И вот они обе, Сильванира и Фанни, склоняются над изголовьем кровати. Бедной матери так приятно видеть славное лицо служанки, чувствовать на щеке прикосновение шелковистых детских волос! Боже мой! Но что же случилось? Как она попала сюда?.. Сильванира и сама этого не знает. Вчера, возвращаясь после урока от кюре, Морис вдруг увидел на полосе бечевника г-жу Эпсен, лежавшую без чувств прямо на земле. Доктор из Аблона объяснил, что это — небольшое кровоизлияние, и даже два раза пустил ей кровь, но сказал, что ничего опасного нет. Однако Сильванира сразу послала депешу мадемуазель Элине… Здесь это удобно: ведь телеграф-то под рукой, в самом доме.
Тут жена Ромена останавливается на полуслове, увидев, что г-жа Эпсен, бледная как полотно, рыдает, уткнувшись в подушки. Услышав имя дочери, она вспоминает все, и боль отчаяния после краткого забытья охватывает ее с новой силой.
— Нет больше Элины… Уехала… Госпожа Отман…
По бессвязным словам и стонам больной Сильванира догадывается о происшедшей катастрофе, и это ничуть ее не удивляет. О барыне из Пор-Совера уже давно идет дурная слава, не в первый раз она пускается на такие штуки.
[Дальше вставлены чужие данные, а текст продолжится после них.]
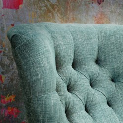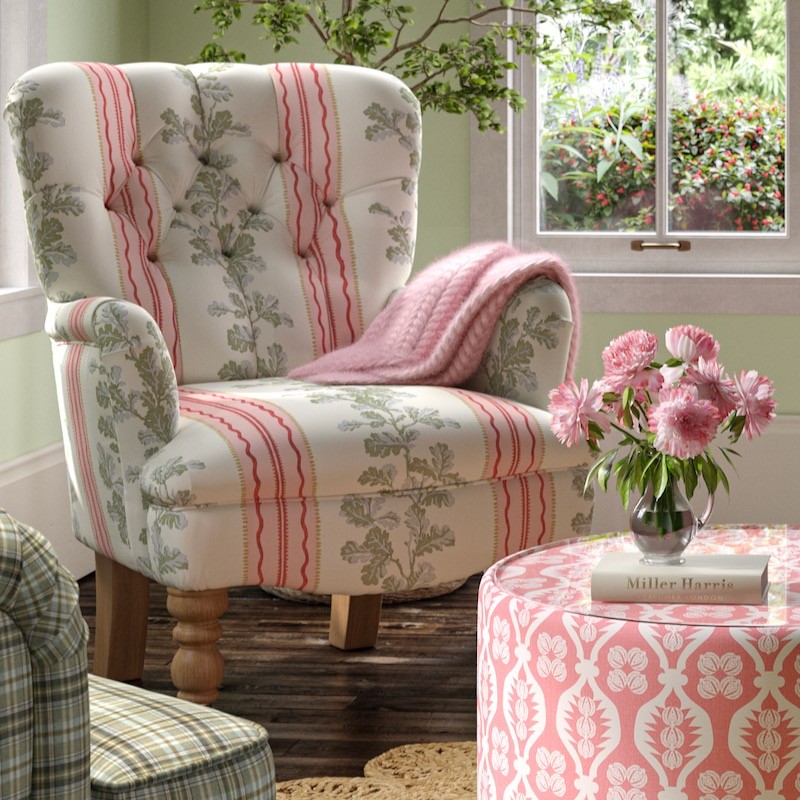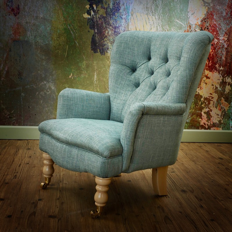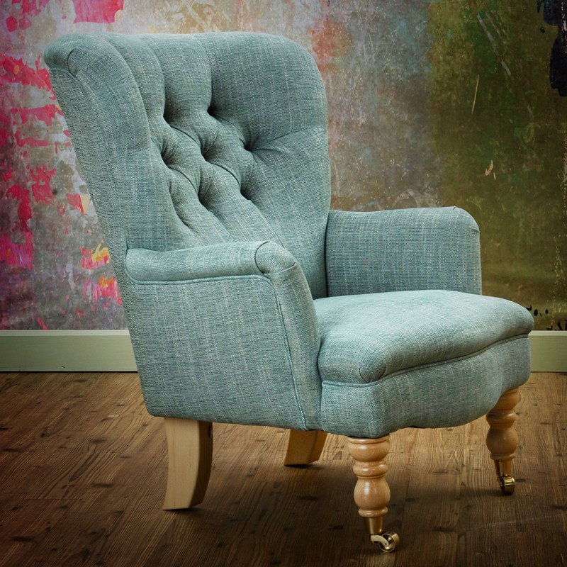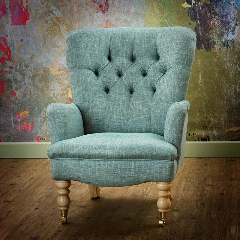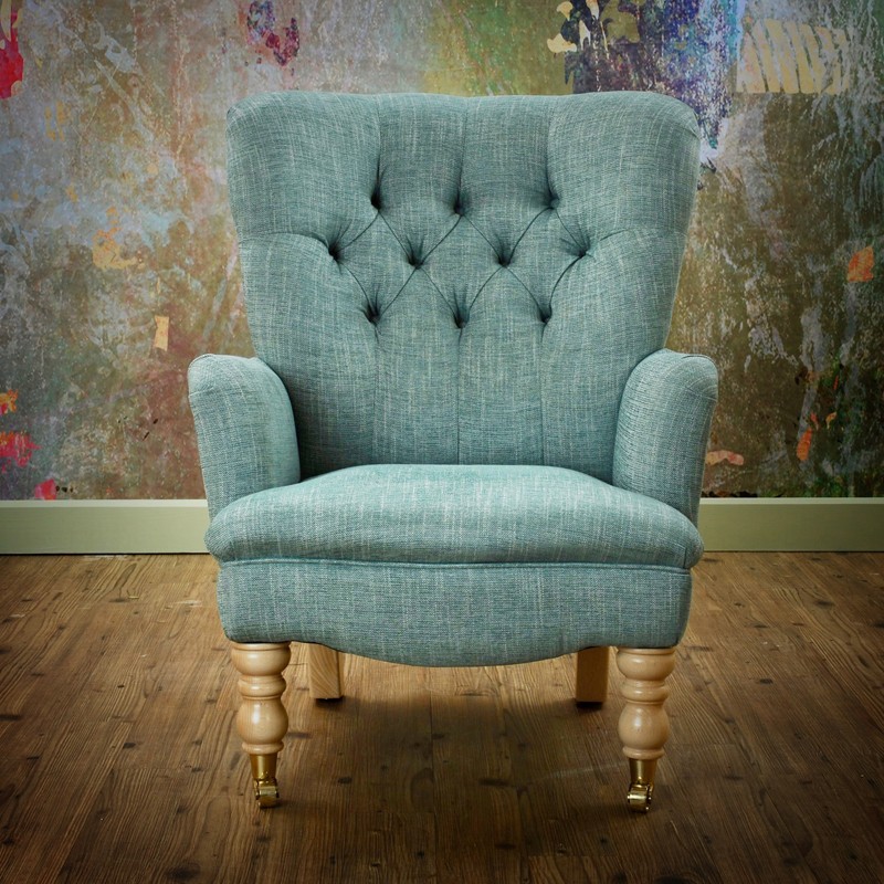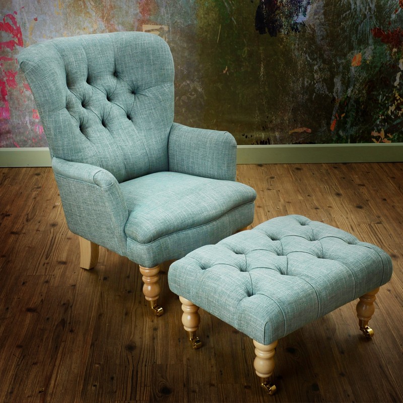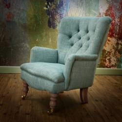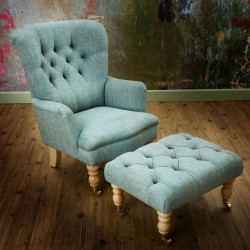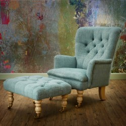 The Nairn is a pretty little chair with a deep buttoned back and optional matching footstool with a turned castor leg.
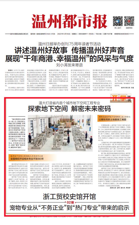 城市地下空间 工程专业负责人,建筑工 程学院教授王国波在接 受记者采访时表示,今年 该校开出了一个新专业 ——城市地下空间工程 专业,它与新兴行业对 口,逐渐“慢热”顺应时 代,解密未来“密码”。

Теперь она околдовала мадемуазель «Элину, как раньше навела порчу на дочку Дамуров, на дочку Желино — опоила их своим зельем, будь она неладна!
— Зельем?.. Вы так думаете? — с облегчением переспрашивает бедная мать: она была бы рада свалить на Отманов всю ответственность.
— Конечно, зельем, а то чем же?.. Иначе ничего бы у ней не вышло!.. Да вы не убивайтесь, сударыня, вернутся красные деньки. Отдадут вам вашу барышню… Только в здешних местах вы ничего не добьетесь: здесь эти самые Отманы вроде как короли… Надо поехать в Париж, заявить куда следует. Наш барин знаком с министрами, он похлопочет… Все обойдется, вам не долго осталось ждать…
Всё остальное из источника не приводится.